Im Spazio: The Space of Thoughts
Helikon, 1959
For a collector drawn to work that thinks as much as it looks, this piece is a quietly profound achievement. "Tappeto" from 1968, made from steel wool, and "Sullo stato" from 1970, combining lead and roadmap on wood, extend the collection forward into the years when Arte Povera was at its most vital and searching. Arte Povera, the movement named by critic Germano Celant in 1967 and associated with artists including Jannis Kounellis, Mario Merz, Giovanni Anselmo, and Michelangelo Pistoletto, took as its mission a confrontation between natural and industrial materials, between the ancient and the contemporary. The use of lead in "Sullo stato" connects to a broader Arte Povera vocabulary of heavy, alchemical materials that carry both physical and symbolic presence.
The roadmap beneath the lead introduces geography, movement, and the texture of ordinary life into a work of striking formal intelligence. "Nero Cretto" from 1976, worked in acrylic and PVA on Celotex and housed in the artist's own frame, brings the collection into its final decade with a work that references the cracked earth surfaces most closely associated with Alberto Burri's late Cretti series. Burri, one of the towering figures of twentieth century art, developed his cracked surfaces into landscapes of extraordinary emotional and geological depth, and a work in this tradition holds a place of considerable significance both art historically and in the market. The artist's frame is itself a statement, insisting that the work arrive complete, on its own terms, without compromise or reinterpretation.

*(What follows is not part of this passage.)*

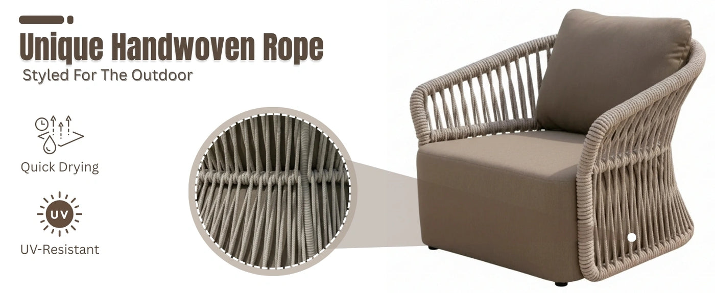 - All-Weather Resistant Materials : Rope, frame, and cushions are designed to resist fading, UV damage, and moisture.

Im Spazio: The Space of Thoughts
The Beetle, 1948
"One and Eight: A Description" from 1965 introduces a Conceptual register that connects the collection to the international conversation happening simultaneously in New York, London, and Düsseldorf. The use of language and description as artistic material, the investigation of what it means to name and enumerate, places this work alongside the concerns of artists like Lawrence Weiner and Joseph Kosuth, reminding us that the Italian postwar avant garde was never provincial but was instead in constant dialogue with the wider world. For collectors considering works in this space, Im Spazio offers a masterclass in coherence and conviction. Collections that are built around a genuine intellectual position, rather than around market trends or trophy acquisitions, have a way of becoming more valuable over time in every sense of that word.
The artists represented here, working with Arte Povera materials, Spatialist ideas, and Conceptual strategies, have been the subject of major retrospectives at institutions including the Tate Modern, the Museum of Modern Art, and the Centre Pompidou, and the market for serious works from this period has remained consistently strong among both European and international collectors. Works combining unusual materials, artist provenance, and clear art historical positioning are among the most sought after by museum curators and serious private buyers alike. Im Spazio is a collection that understands what it loves and why. It is assembled with the patience and precision of someone who has spent real time in the presence of these works, thinking about what they ask of us and what they offer in return.
In a moment when the art world moves quickly and loudly, there is something genuinely valuable about a collection that insists on slowness, on materiality, and on the enduring power of thought made physical. That, finally, is what space of thought means, and Im Spazio lives up to every word of its name.